== DESCRIPTION OF THE TASK ==
Pictures in the listing below are skipped, while the lines from the "ヘコむあだ名 | 『ギンもー』『なまこ酢』 |" line through the "- Sku – 85537" line are returned word for word.

** SUPPLIED DATA follows **

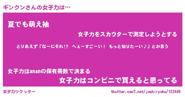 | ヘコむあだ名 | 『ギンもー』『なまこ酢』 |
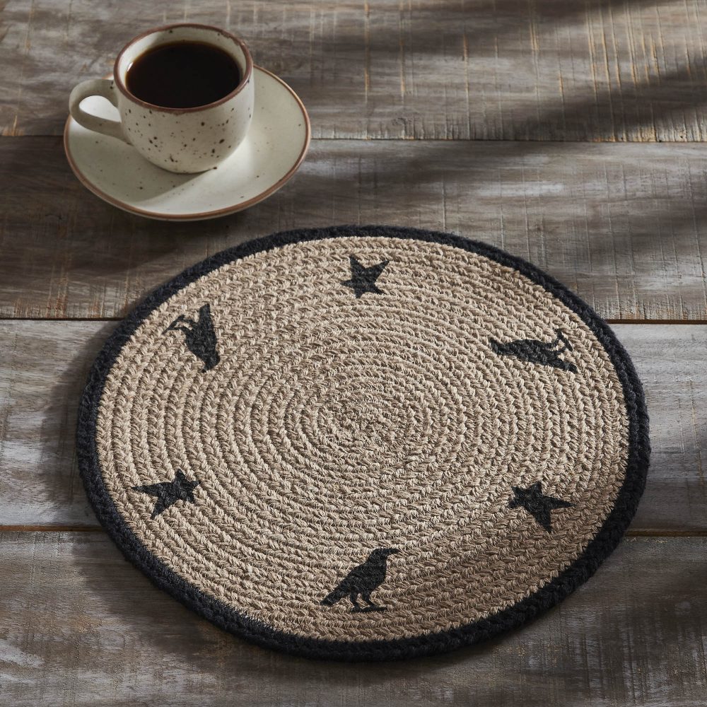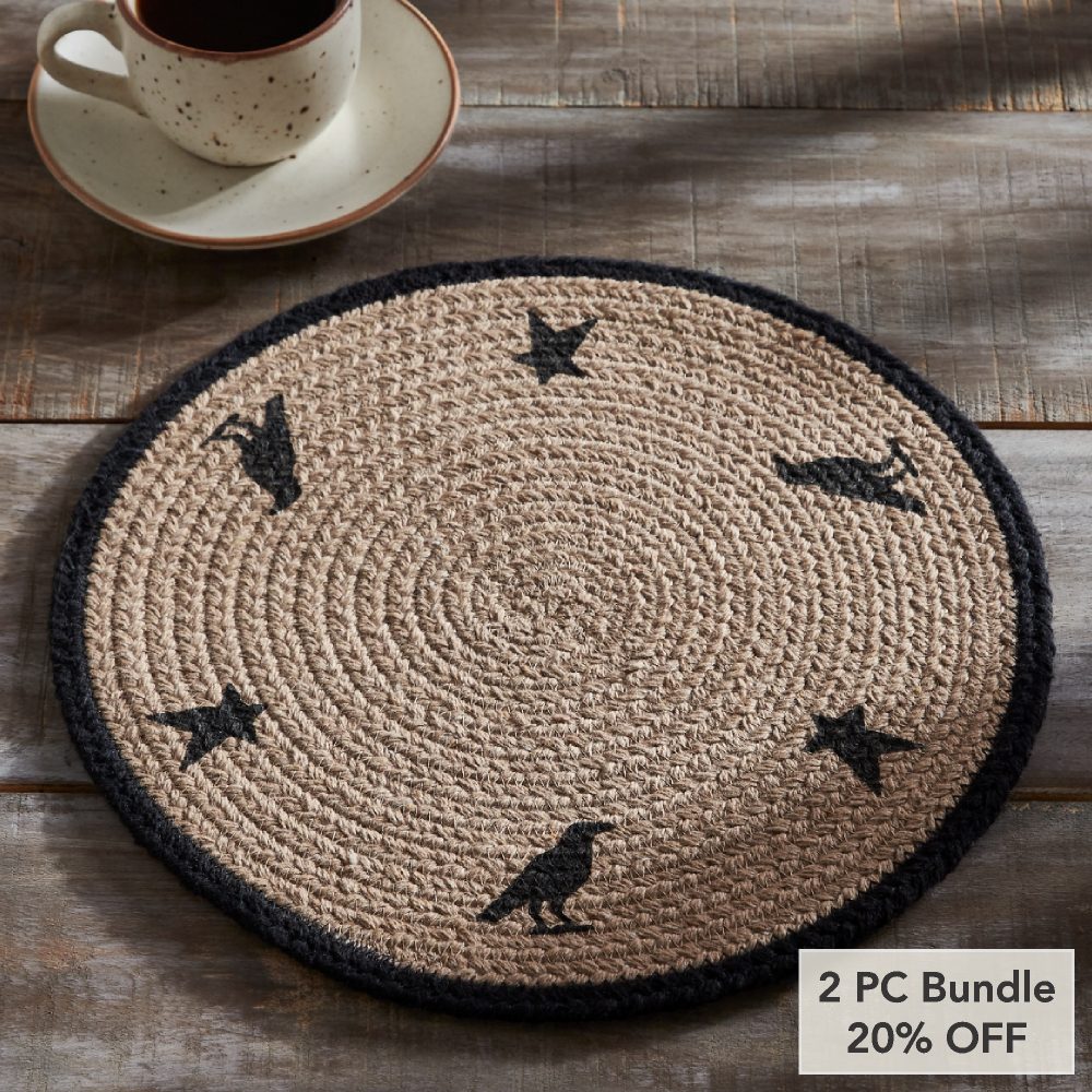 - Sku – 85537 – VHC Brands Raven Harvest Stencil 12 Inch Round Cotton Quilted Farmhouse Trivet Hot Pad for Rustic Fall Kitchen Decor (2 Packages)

** End of SUPPLIED DATA **
** SUPPLIED DATA follows **

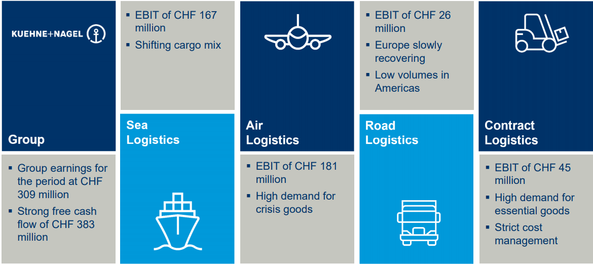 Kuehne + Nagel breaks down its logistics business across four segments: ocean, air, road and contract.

** End of SUPPLIED DATA **

== SOLUTION ==
 | ヘコむあだ名 | 『ギンもー』『なまこ酢』 |
 - Sku – 85537 – VHC Brands Raven Harvest Stencil 12 Inch Round Cotton Quilted Farmhouse Trivet Hot Pad for Rustic Fall Kitchen Decor (2 Packages)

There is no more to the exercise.